The night had fallen upon the big city, making the bright lights pop as they always do at night. But they seemed dull to me, everything seemed dull to me right now. My stomach was in a knot, my eyes burning from how much strain I put on them today, and my heart heavy. I pulled into the parking garage provided for those living in my apartment building. I put my head on the steering wheel, shaking my head. I don´t even know how to feel anymore. I mean, I´m just.. this is all my fault. I made her run away, I pushed Grace away because of my stupid drunken emotions that escaped me yesterday. The worst of it all is that all those things I said weren´t true, far from it. These past few weeks I remember staying up with her at night, her telling me about how she ran away from home because she didn´t feel like she belonged there. That´s horrible.

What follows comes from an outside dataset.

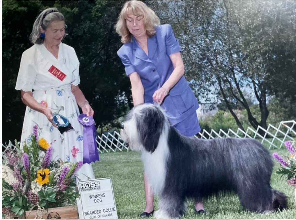
Dovmar's New Man Will Dew It
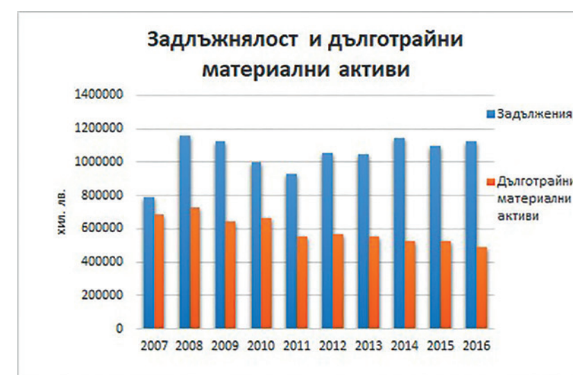
Graphic 3: Accounts receivable and long-term assets, in thousands BGN

• Taken as a whole, the assets of this group incase – only due to rising accounts receivable. The outstanding accounts receivable stay at 275 million euro as of 2016. For such a closely integrated and secretive business structure it is doubtful whether its current assets correspond to real business operations. Some of the companies’ auditors raise this question in their accompanying reports – a rarity for the loose Bulgarian accountancy regime.

That´s absolutely terrible, and I swore to her that I´d make her feel belonged. That I´m here for her, and then I go and get jealous from her just hugging someone. Thinking back it wasn´t anything, she was drunk and a little giddy, but I guess drunk Harry didn´t think it wasn´t anything all that bad. I sighed, moving my head from the steering wheel to lean it back against the leather headrest. I lost her. She´s no where to be found and I physically and literally lost her. I won´t be able to forgive myself for this one. No. For the first time, the other person wasn´t the one who hurt me. Getting close to Grace was a blessing, knowing her was amazing. Here I was afraid of opening up to her, selfishly thinking I´d be the one getting hurt. But no, I´m the reason I´m hurt. Me and me only. 

I drag myself out of my car and through the door that lead to the hallway. I stopped and looked around the small aisle, to where Grace and I had stood only about a month ago. Her back leaned up against the gold wallpaper, looking up at me with those beautiful big eyes of hers. She was so shaken up that day, and I don´t blame her. Who woudln´t be after being almost physically harassed by some random hobo? I thank God everyday that I was there to save her from him. Funny thing is that I was wishing that I´d run into her again that night, but I guess that´s why they say be careful what you wish for. That´s not exactly how I wanted to find her; on the floor, hysterical, desperately trying to escape from a disgusting older man. I remember picking her up, quickly reacting to how he cooed out at her, something along the words of ¨Come back here, little girl.¨ I get the chills just thinking of the tone he said it in. 

I´ve never been a brilliant athlete or any sort of track star, but that night my instincts stepped in. I picked her up so swiftly, she was rather light actually. Not that I was surprised, I mean she´s like a stick, so thin. Somewhere along the way I knew we had lost the old man, because I couldn´t hear him call out to us from behind, but I kept running until we got back to our, or really, to my apartment building. Grace´s eyes were wide with fear and confusion. From her disheveled look, I could tell she hadn´t had a proper nights sleep or a shower, even though I smelled some sort of perfume trying to conceal this. Right then I pieced it together, remembering the week earlier when she couldn´t ¨remember¨ the name of her hotel, but she knew where it was. No tourist in their right mind would go to the that part of London where she had been to find a type of guy like that hobo that practically raped her. It was obvious she wasn´t staying in a hotel, she wasn´t staying anywhere. She was just there, roaming the streets.